Notícia

Na Diocese de Pinheiro, a articulação das Pastorais Sociais da REPAM se apresenta como um espaço fundamental para refletir sobre os desafios e compromissos que tocam diretamente a vida das comunidades. Durante o encontro, destacou-se que a luta por políticas públicas efetivas e pela promoção da ecologia integral é um caminho desafiador, mas indispensável para garantir uma vida plena e digna ao povo.

Entre os pontos abordados, foi ressaltado o impacto da possível construção do porto do Cajual, em Alcântara, que ameaça deslocar diversas famílias da região. Essa realidade se soma aos históricos conflitos enfrentados pelas comunidades quilombolas, muitas já retiradas de seus territórios devido à presença da base de Alcântara. A expansão do desmatamento e a perda gradual dos espaços para plantio, criação de animais e manutenção das hortas comunitárias agravam ainda mais a situação, comprometendo o modo de vida tradicional e a segurança alimentar.

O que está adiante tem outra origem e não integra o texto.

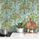 Elevate your home decor with this exquisite vintage wallpaper featuring a beautiful 'Orchard' pattern, inspired by the timeless designs of William Morris. This intricate design showcases large blue and green acanthus leaves intertwined with small orange trees bearing oversized oranges and lush green foliage. Set against a pale background adorned with small blades of grass and delicate red flowers, this wallpaper brings a touch of nature's beauty indoors. The harmonious blend of colours and detailed botanical motifs create a serene and sophisticated atmosphere, perfect for enhancing the decor of any room. Ideal for feature walls, living rooms, bedrooms, or dining areas, this wallpaper effortlessly combines classic elegance with natural charm.
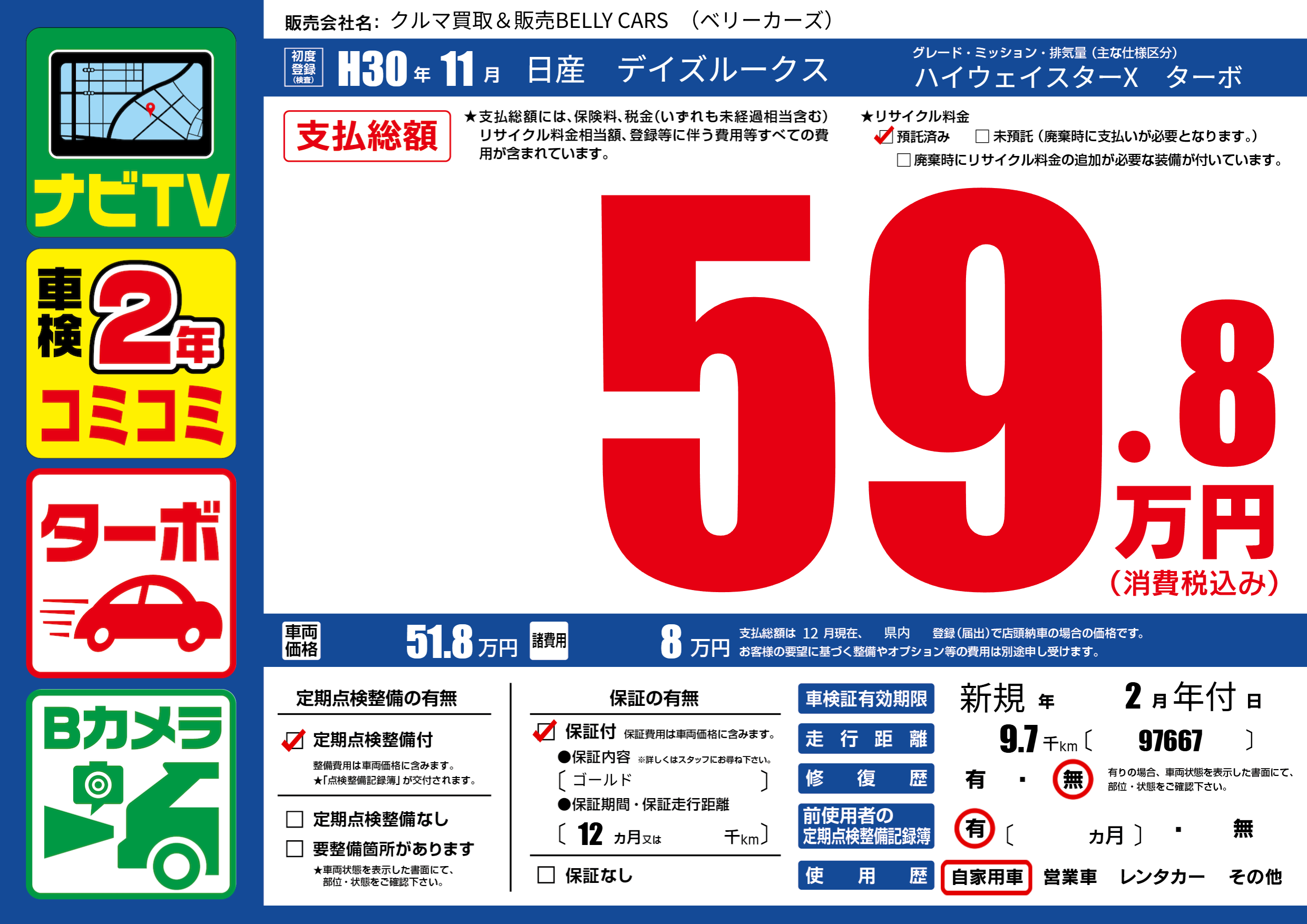 | 走行キロ | 0.9万km | 初年度登録 | H30年11月 |

Nesse contexto, a articulação assumiu compromissos concretos: a realização de um seminário em Alcântara, previsto para dezembro, e o apoio às comunidades quilombolas na marcha do dia 20 de novembro, data simbólica de luta e afirmação da identidade negra. Além disso, ficou definida uma nova reunião no dia 22, para aprofundar a organização das atividades pastorais na diocese.

As esperanças dos movimentos sociais e pastorais também foram projetadas em direção à COP30, com o desejo de que a conferência represente um marco na implementação de políticas públicas voltadas à proteção dos territórios e dos povos. Essa expectativa se torna ainda mais urgente em uma região marcada pela presença de comunidades quilombolas, pescadores e marisqueiros, cuja vida está profundamente ligada ao mar e aos rios que banham a diocese.

Assim, a articulação das Pastorais Sociais da REPAM na Diocese de Pinheiro reafirma o compromisso de defesa da vida, da terra e da dignidade das comunidades tradicionais, fortalecendo a caminhada de resistência frente às ameaças socioambientais.